4. The second part of the rolling out process (one is bordo; two is rullo) involves stretching the dough from the center out until you can see the grain of the wood below. “There's a saying,” says Funke, “do not stop rolling until you can see San Luca,” a church in the distance. Or, in Funke's case, his hand. And Rustic Canyon's menu. (Check the slideshow for that one.)

5. Let the pasta dry for about 15 minutes.

6. Then Funke wraps the folded pasta in plastic, a deconstructed garbage bag actually, and lets it dry for about 10 more minutes. This wicks out some of the moisture.

7. Take the pasta out of the bag and let it dry a third time, for about another 15 minutes or so.

8. Now the pasta is ready to be cut and shaped. For the simplest tagliatelle or papardelle, just fold it up and cut the sheet of pasta into medium or large-ish strips. Or make farfalle or garganelli or tortellini or whatever you can convince your Dickensian children to make for you.

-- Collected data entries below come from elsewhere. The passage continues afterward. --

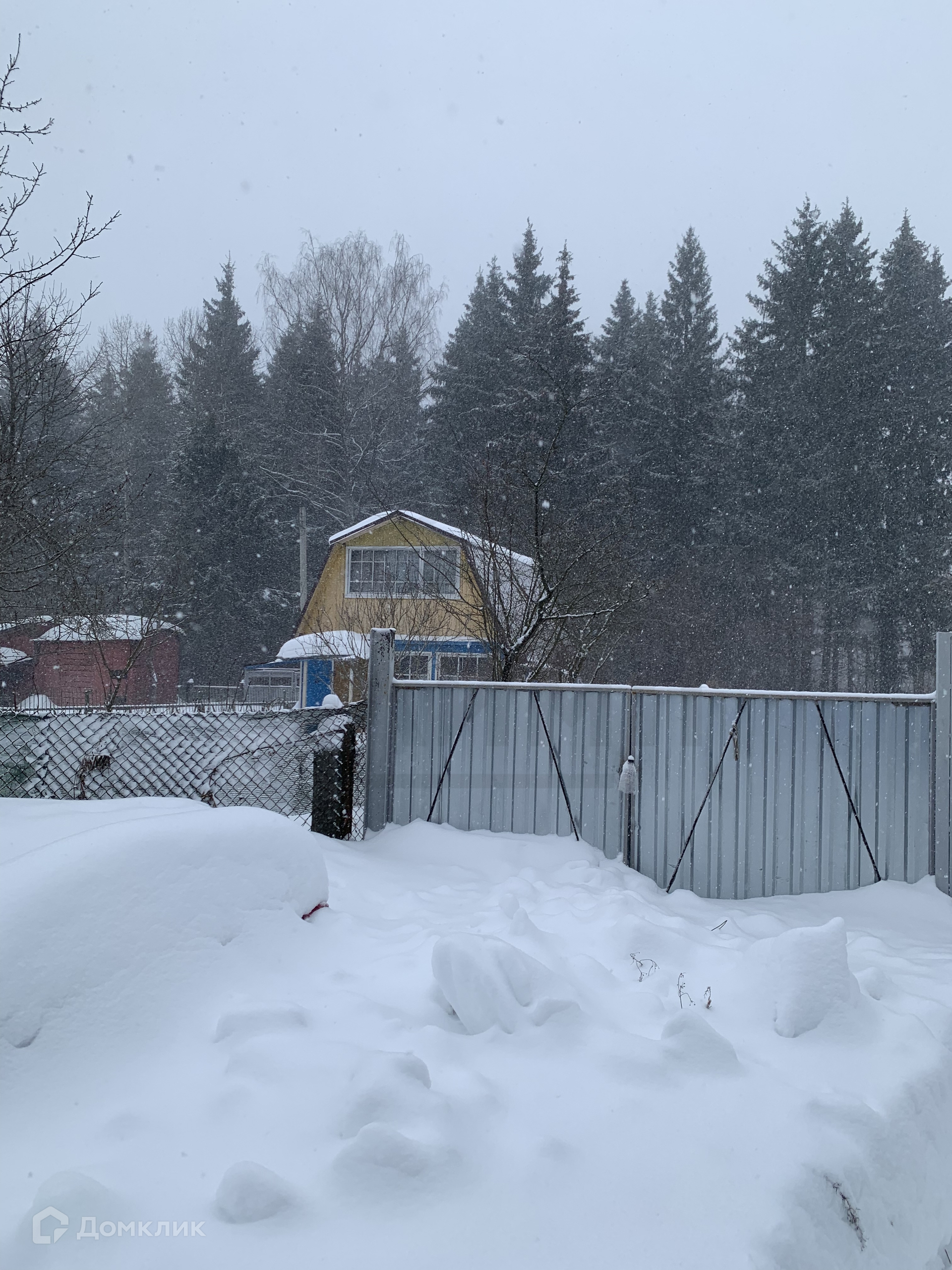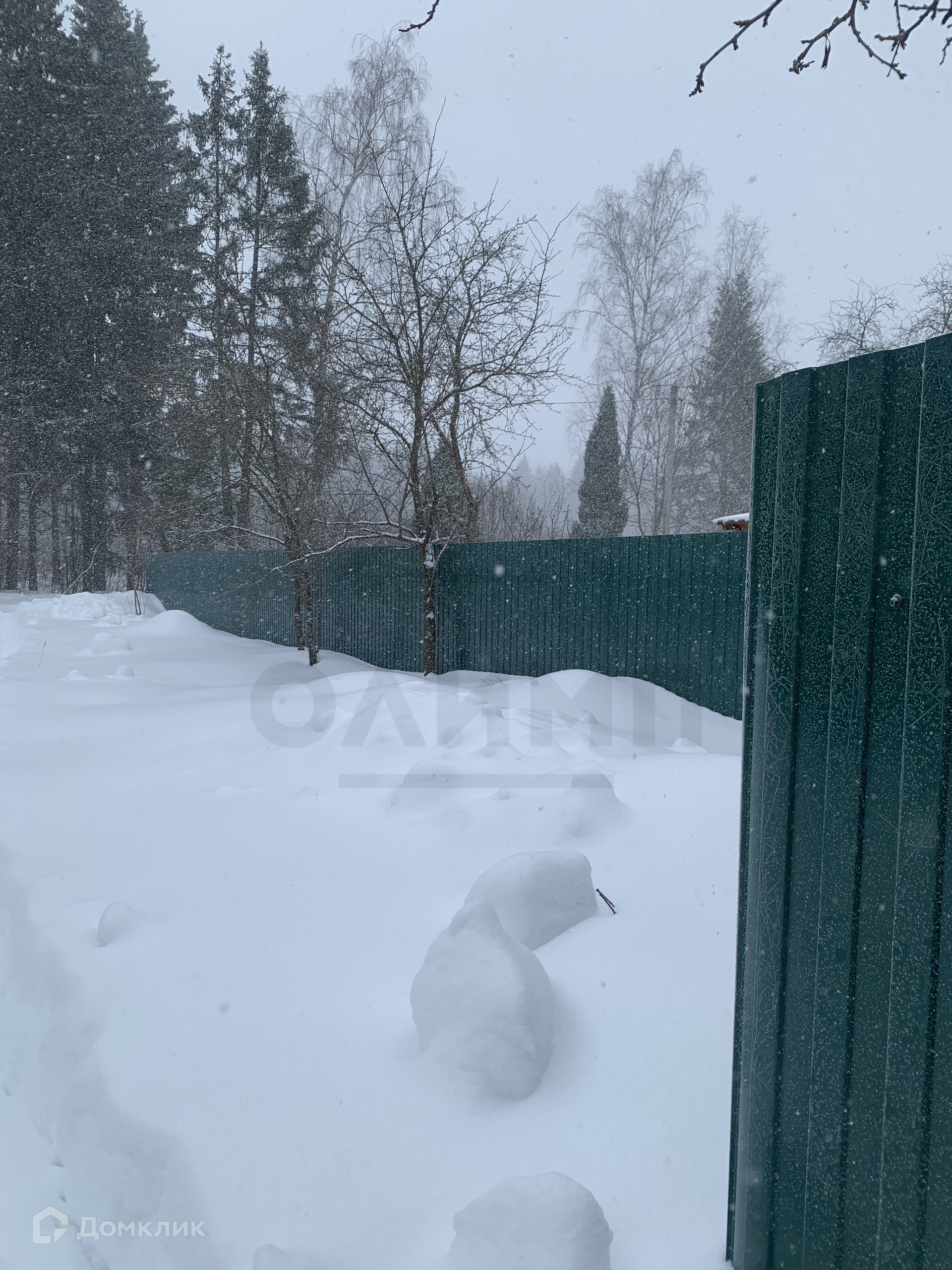 По периметру  с трехсторон участок огорожен сеткой рабицей, въезд огорожен профлистом, имеются ворота. Перед участком большая площадка для 5ти машин   Напротив участка имеется также площадка для 4-х машин.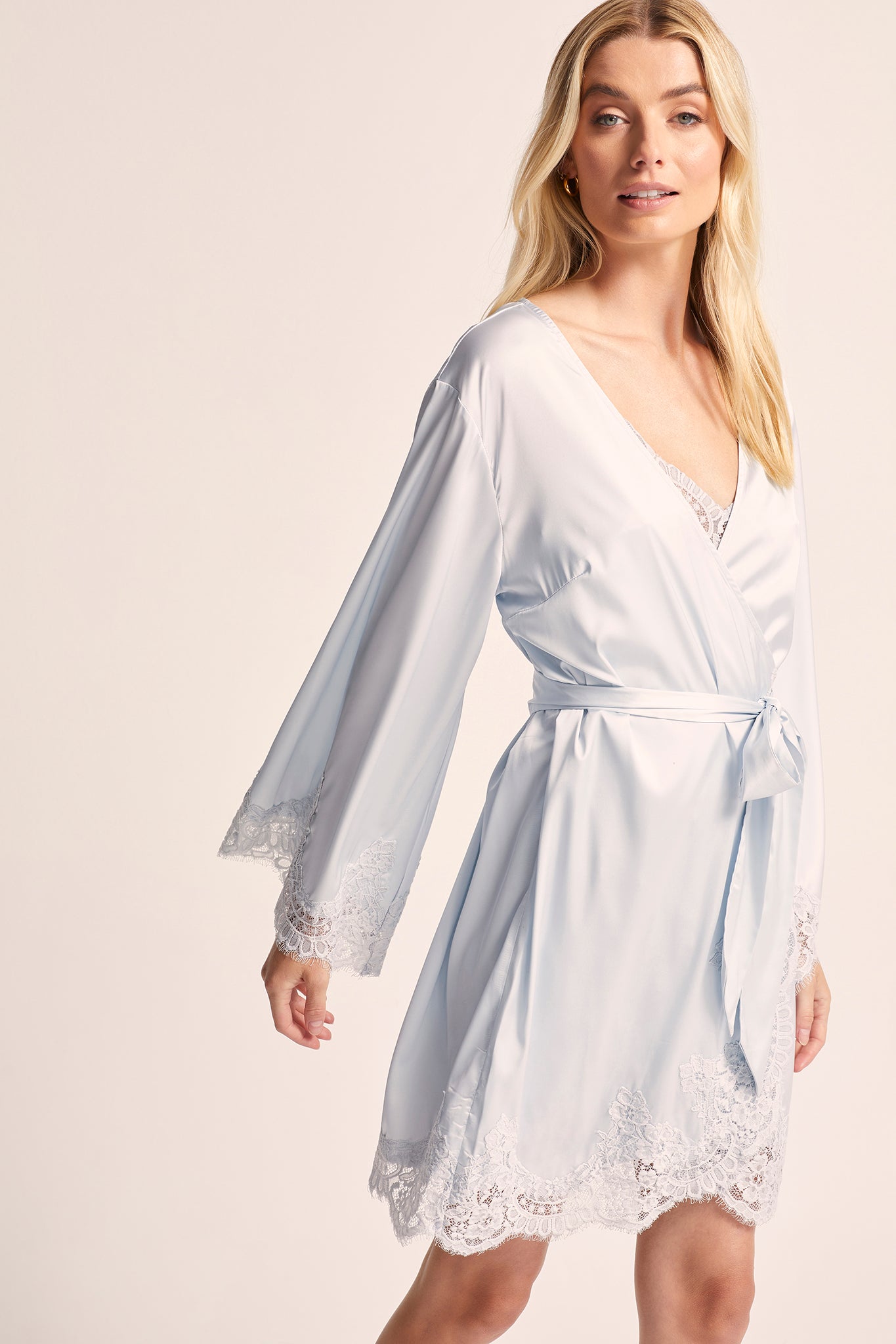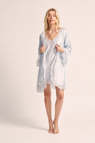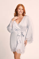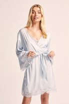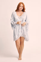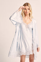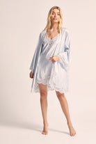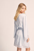 Indulge in the sheer elegance of our Sian Lace Robe in blue satin. This luxurious robe is crafted from soft satin and delicate lace, ensuring both comfort and glamour.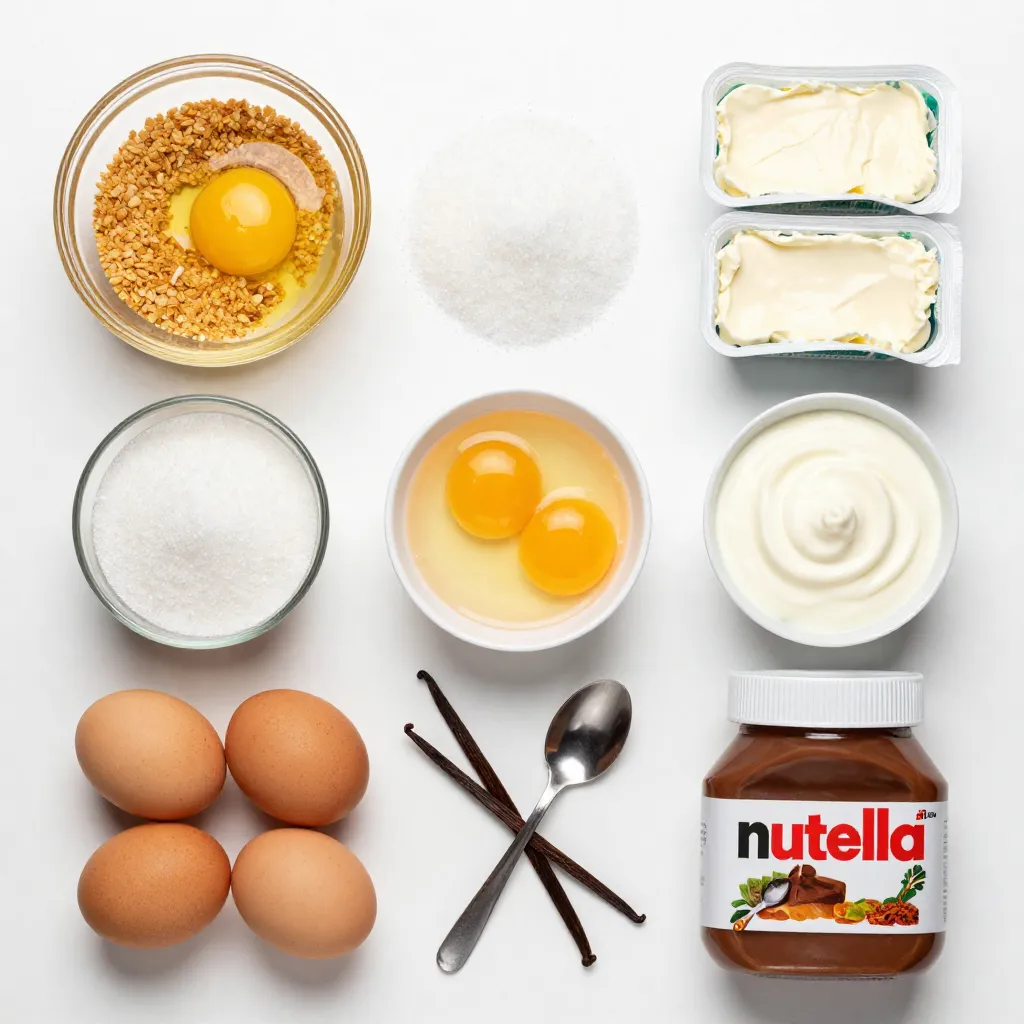 To make a Nutella swirl cheesecake, you need fresh and simple ingredients. Here is the list of what you will need: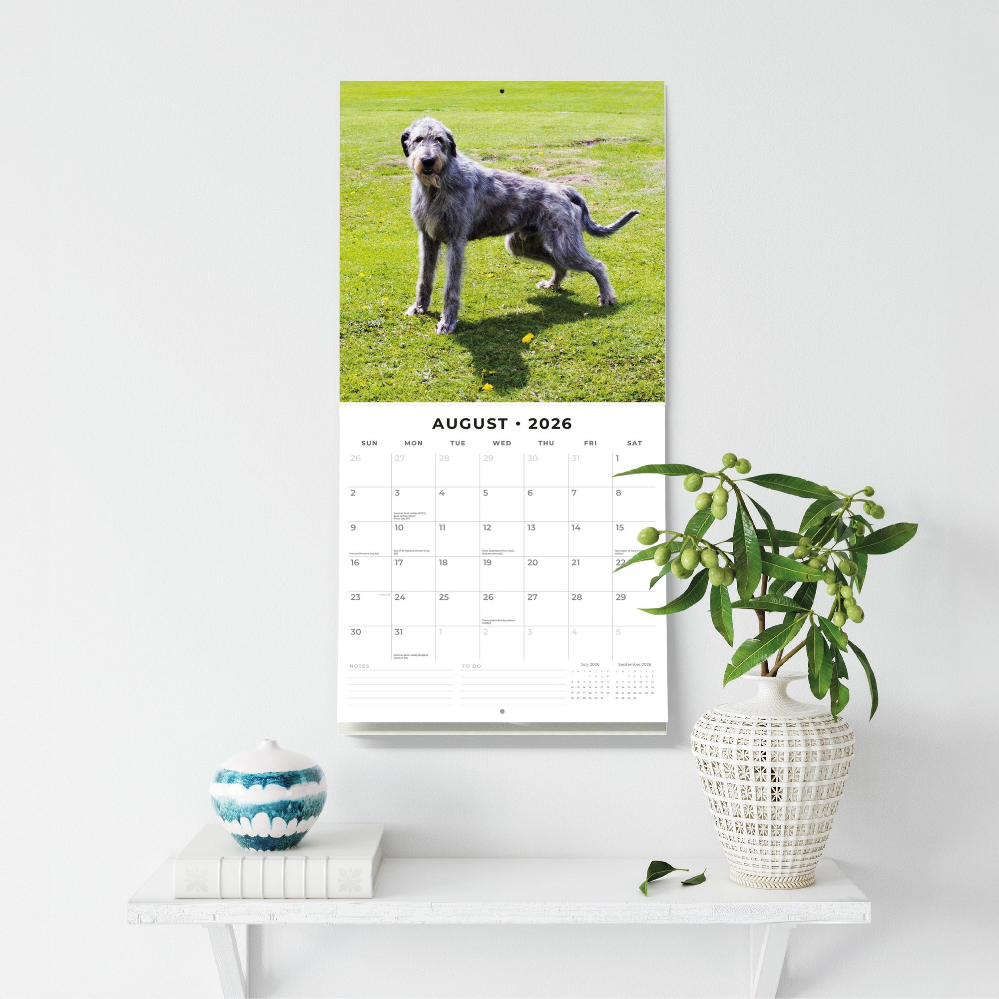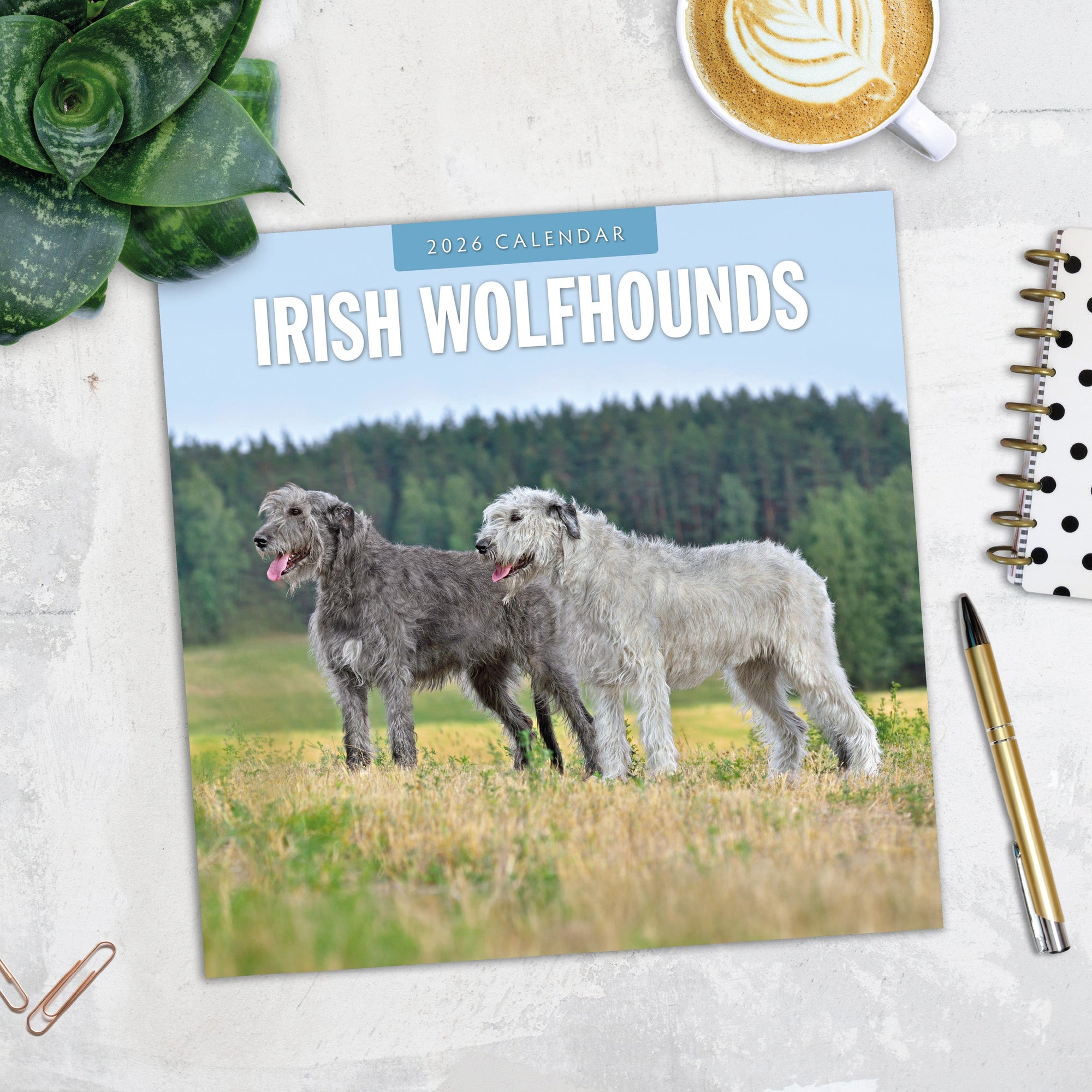 - Premium 12" x 24" open wall calendar featuring vivid images of Irish Wolf Hounds, printed on thick & sturdy paper.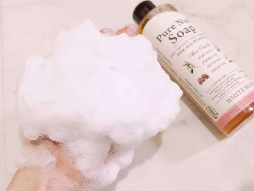 ナチュラセラピュアナッツソープホワイトローズの香り1本で、メイク落とし、洗顔、泡パック、ボディーソープ、スキンケア、毛穴ケア、角質ケア、頭皮クレンジングの役割をこなすマルチユース。100%天然由来の洗浄成分オーガニックのソープナッツ✨オリーブ...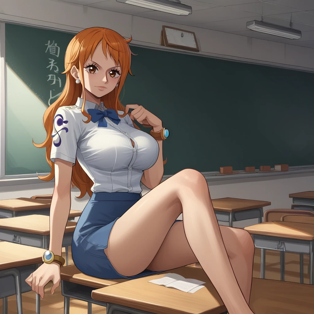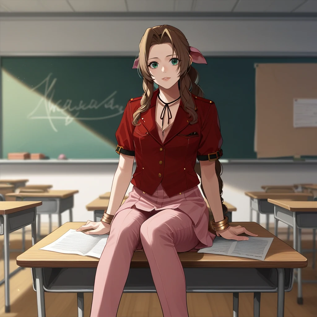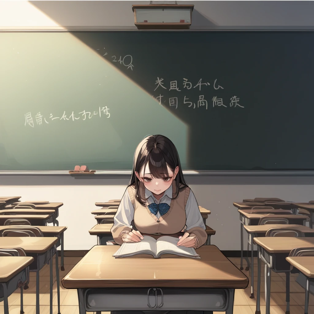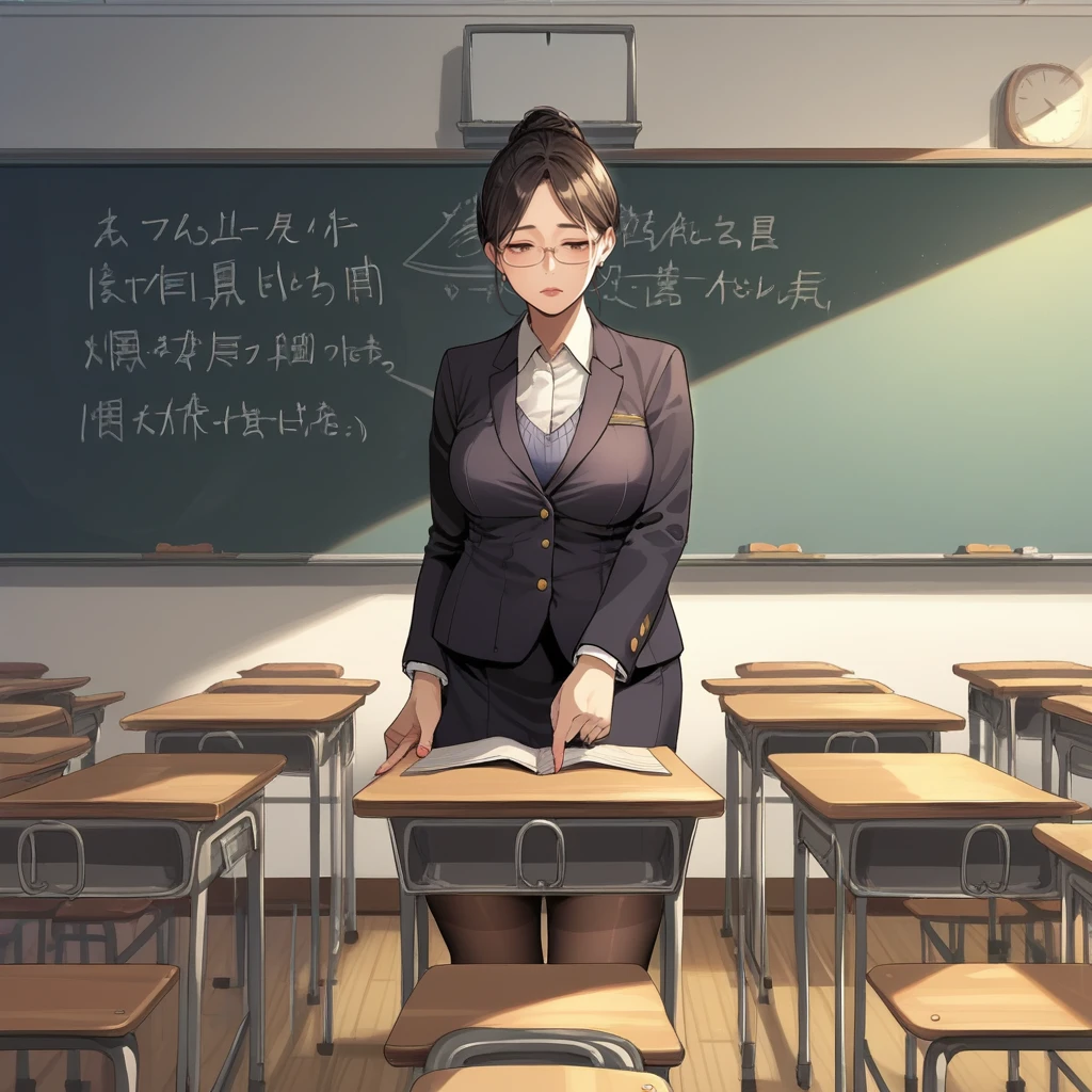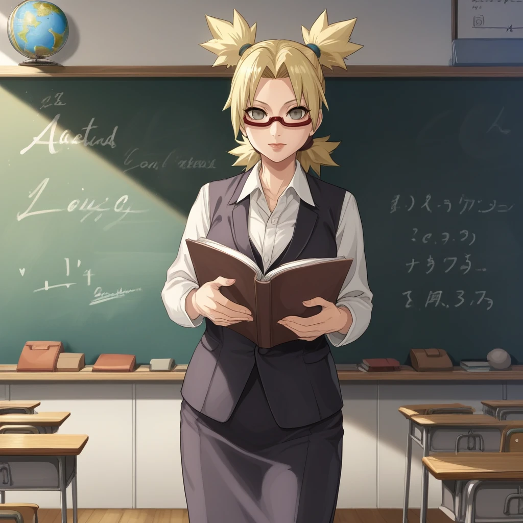Optional: chalkboard, indoors, classroom, podium, desks, bookcase, globe

9. Make a sauce. Funke makes a very simple tomato sauce with a cup or so of tomato passata (cook down some San Marzano tomatoes, garlic, fresh marjoram, olive oil and salt) that he heats in a saute pan with a very large nub of unsalted butter.

9. Boil water. Cook the pasta. Funke only boils his pasta for about 5 seconds. Yes, that's not a typo.

10. Lift the cooked pasta into a bowl, add the sauce, swirl it around and onto a pasta plate. Grate some Parmesan over the top. Eat immediately, preferably in the kitchen next to the stove.